(This post is cowritten with Casey Baker, from Resolute Racing Shells.)
The trim of a shell is an interesting measurement. Interesting mainly because few rowers pay attention to it. Really interesting because it is a place where you can pick up some quick speed with very little effort.
The trim is how level the boat is when it is sitting in the water. The goal of properly trimmed shell is to have the boat as close to level as possible throughout the entire stroke cycle. All things equal, a properly trimmed boat will be faster than a shell that is not trimmed.
When people are added to a shell the trim will change. And with moving seats, and moving mass, the trim of your boat will even change during the stroke. And significant differences can slow you down.
Many rowers and coaches have placed little if any focus on a shell’s trim. And because of this the trim could be a secret weapon for you.
To utilize your new secret weapon, you should first determine if your hull’s trim is where you need it. Try these two methods to determine if your trim is right for you.
Method #1: Quick Method
Put your boat in the water. Then put your rowers in. Take a 3-foot-long level and put it on the gunwale. Have the rowers come to the catch. Then have the rowers come to the finish, and then sit at the mid drive. Notice the reading of the level in all three positions.
How were the readings?
At the mid drive, was the level centered? At the catch was there a slight stern drop? At the finish, a slight bow drop? If any of those readings were off more than just slightly you might have an issue.
If from this quick test, you think you have a problem, then you should probably adjust your trim (and I’ll discuss that in the next post). If you want more specific information about how severe your trim-issue might be, try this . . .
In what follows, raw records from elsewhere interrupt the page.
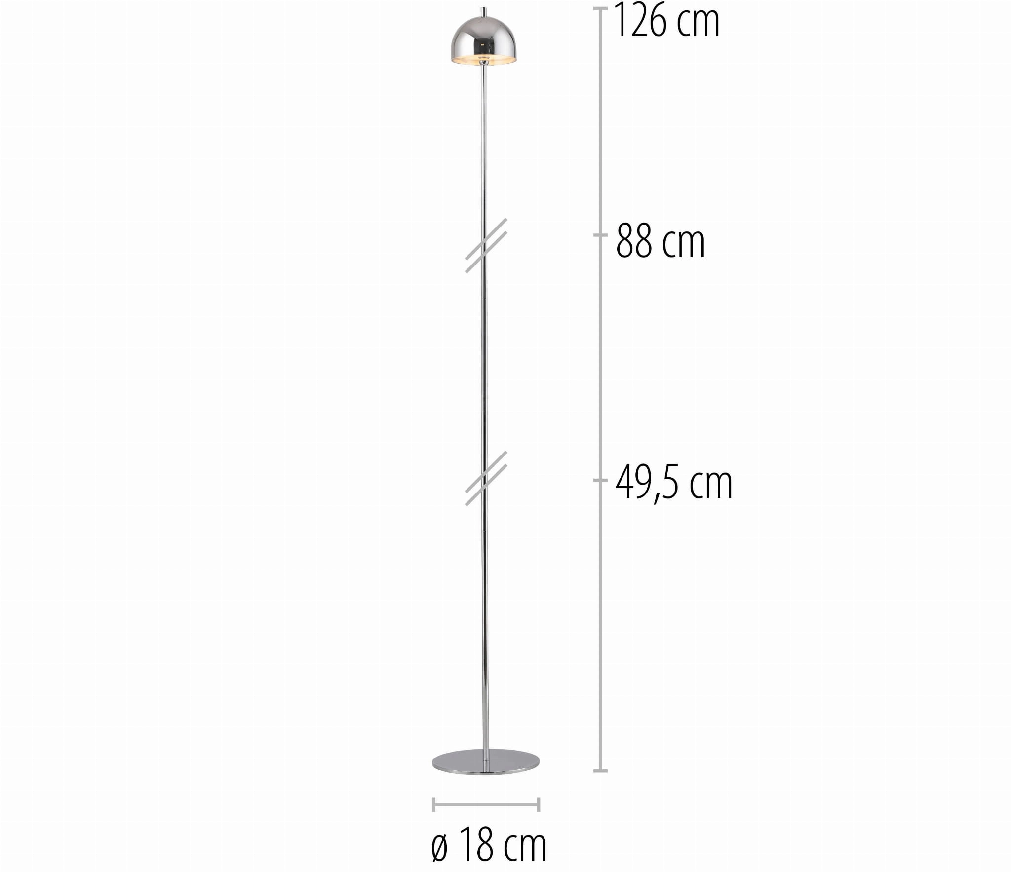 - Smukła konstrukcja 126 cm – chromowany słupek świetlny zajmuje minimalną ilość miejsca na podłodze, idealnie pasując do ciasnych narożników.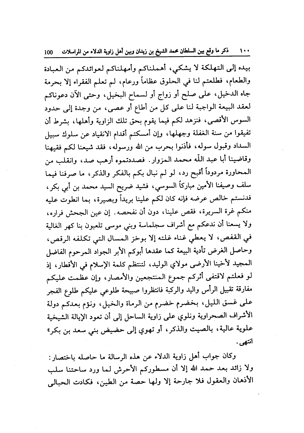 بِيَدِهِ إِلَى التَّهْلُكَة لَا يشكي أهملناكم وأمهلناكم لعوائدكم من الْعِبَادَة وَالطَّعَام فطلعتم لنا فِي الحلوق عظاما ورعام لم تعلم الْفُقَرَاء إِلَّا بِحرْمَة جاه الدخيل على صلح أَو زواج أَو لسماح الْبَخِيل وَحَتَّى الْآن دعوناكم لعقد الْبيعَة الْوَاجِبَة لنا على كل من أطَاع أَو عصى من وَجدّة إِلَى حُدُود السوس الْأَقْصَى فنزهد لكم فِيمَا يقوم بِحَق تِلْكَ الزاوية وَأَهْلهَا بِشَرْط أَن تفيقوا من سنة الْغَفْلَة وجهلها وَإِن أَمْسَكْتُم أَقْدَام الانقياد عَن سلوك سَبِيل السداد وَقبُول سوله فأذنوا بِحَرب من الله وَرَسُوله فقد شيعنا لكم فقيهنا وقاضينا أَبَا عبد الله مُحَمَّد المزوار فصددتموه أرهب صد وانقلب من المحاورة مردودا أقبح رد لَو لم نبال بكم بالفكر وَالذكر مَا صرفنَا فِيمَا سلف وصيفنا الْأمين مُبَارَكًا السُّوسِي فشيد ضريح السَّيِّد مُحَمَّد بن أبي بكر فدنستم خَالص عرضه فَإِنَّهُ كَانَ لكم علينا بريدا وبصيرة بِمَا انطوت عَلَيْهِ مِنْكُم غرَّة السريرة فَقص علينا دون أَن نفحصه إِن عين الجحش فراره وَلَا يسعنا أَن تدعكم مَعَ أَشْرَاف سجلماسة وَبني مُوسَى تلعبون بِنَا كهر الغالية فِي القفص لَا يُعْطي غناء غَلَّته إِلَّا بوخز المسال الَّتِي تكلفه الرقص وَحَاصِل الْغَرَض تأدية الْبيعَة كَمَا عقدهَا أبوكم الأبر الْجواد المرحوم الْفَاضِل الْمجِيد لأخينا الأرضى مولَايَ الْوَلِيد لتنتظم كلمة الْإِسْلَام فِي الأقطار إِذْ لَو فَعلْتُمْ لاقتفى أثركم جموع المنتجعين والأمصار وَإِن عظمت عَلَيْكُم مُفَارقَة تَقْبِيل الرَّأْس وَالْيَد وَالركبَة فانتظروا صَبِيحَة طلوعي عَلَيْكُم طُلُوع الْفجْر على غسق اللَّيْل بخضرم خضرم من الرُّمَاة وَالْخَيْل ونؤم بعدكم دولة الْأَشْرَاف الصحراوية ونلوي على زَاوِيَة السَّاحِل إِلَى أَن تعود الإيالة الشيخية علوِيَّة عالية بالصيت وَالذكر أَو تهوي إِلَى حضيض بني سعد بن بكر انْتهى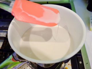 用中小火加热 慢慢搅拌 直到液体变光滑 小心不要加热至沸腾哦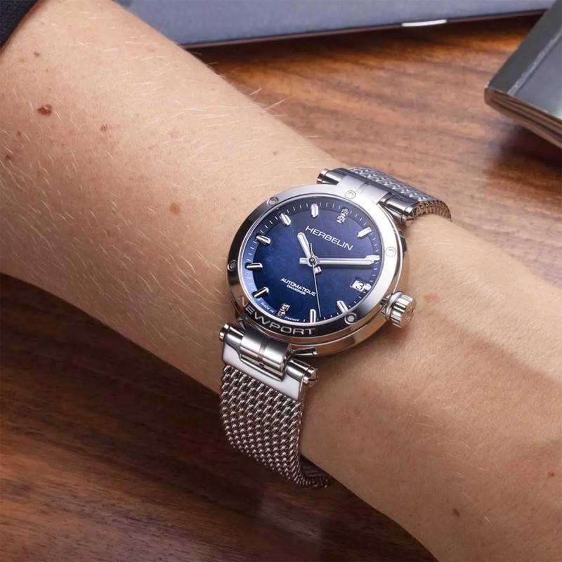 Le fond de cadran est en nacre bleue. Ce cadran rond est d'autant plus précieux que quatre éclats de diamants représentent les index des 6 et 12 heures. Pour avoir une lisibilité complète, un chemin de fer des minutes et dix index luminescents sont installés sur le cadran. De même, les aiguilles des heures et des minutes sont recouvertes d'une matière luminescente. L'aiguille des secondes glisse dans le cadran et chevauche un guichet date près des 3 heures. Herbelin achève sa création de son nom.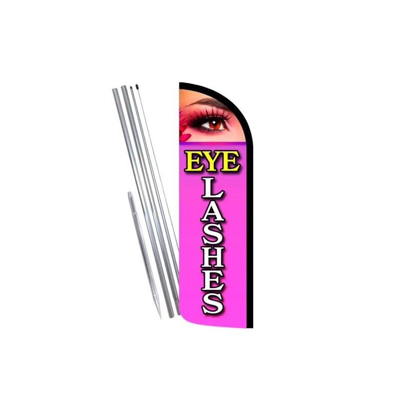 OurEyelashes Premium Windless 3 x 11.5 ft feather flag is a standard size that comes with a 4 piece hybrid fiberglass and aluminum flag pole and a steel ground mount stake. It is made of high-quality polyester fabric that is fade-resistant. It has a single-sided print that is visible from both sides, and a hemmed edge that prevents fraying. It also has a reinforced sleeve that slides over the pole and can secure with a hook and loop fastener.

Method #2: Advanced Method
Get some pinstriping tape, black in the case of a white boat, about 1/8” thick, and make three hash marks with the tape on the bow and stern of the boat just like you would see on a ship. This tape is wrapped around the bow, as well as the stern to show on both sides of the boat.
Make the top and bottom pinstripe 1cm above and below the middle stripe. Also make the middle stripe the longest, like 2” on each side and the upper and lower stripe shorter, like 1 ½ inches. You can set the marks from an empty boat in dead flat water, or with a crew loaded in the boat. The goal is to have the marks give you your indication of trim both bow and stern.
Now put your team in the boat, and have them row. What are you noticing on the trim markers? Significant drop to bow or stern? These markers will not only give you an idea of whether you have a problem, but how significant the issue might be.